Record set:
= = = = =

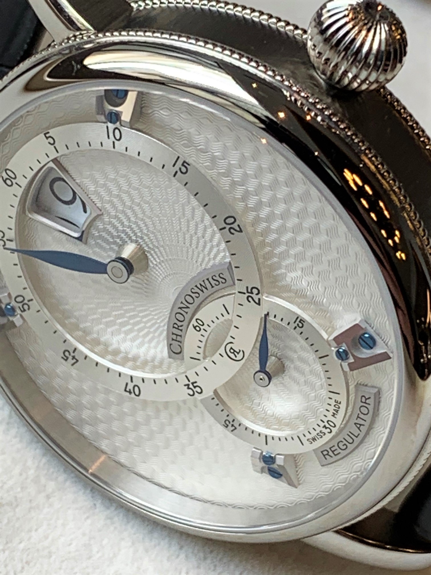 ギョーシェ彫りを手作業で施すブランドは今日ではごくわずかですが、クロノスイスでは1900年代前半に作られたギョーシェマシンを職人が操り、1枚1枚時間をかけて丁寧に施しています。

= = = = =

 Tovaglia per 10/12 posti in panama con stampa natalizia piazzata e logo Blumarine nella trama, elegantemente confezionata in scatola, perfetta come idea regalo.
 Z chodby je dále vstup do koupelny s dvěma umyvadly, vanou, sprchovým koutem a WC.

= = = = =

Exercise:
An exact copy of the lines above, from the one containing "Tovaglia per 10/12" down to the one containing "Z chodby je" and including both, is the whole answer; retype it and nothing else.

Solution to this problem:
 Tovaglia per 10/12 posti in panama con stampa natalizia piazzata e logo Blumarine nella trama, elegantemente confezionata in scatola, perfetta come idea regalo.
 Z chodby je dále vstup do koupelny s dvěma umyvadly, vanou, sprchovým koutem a WC.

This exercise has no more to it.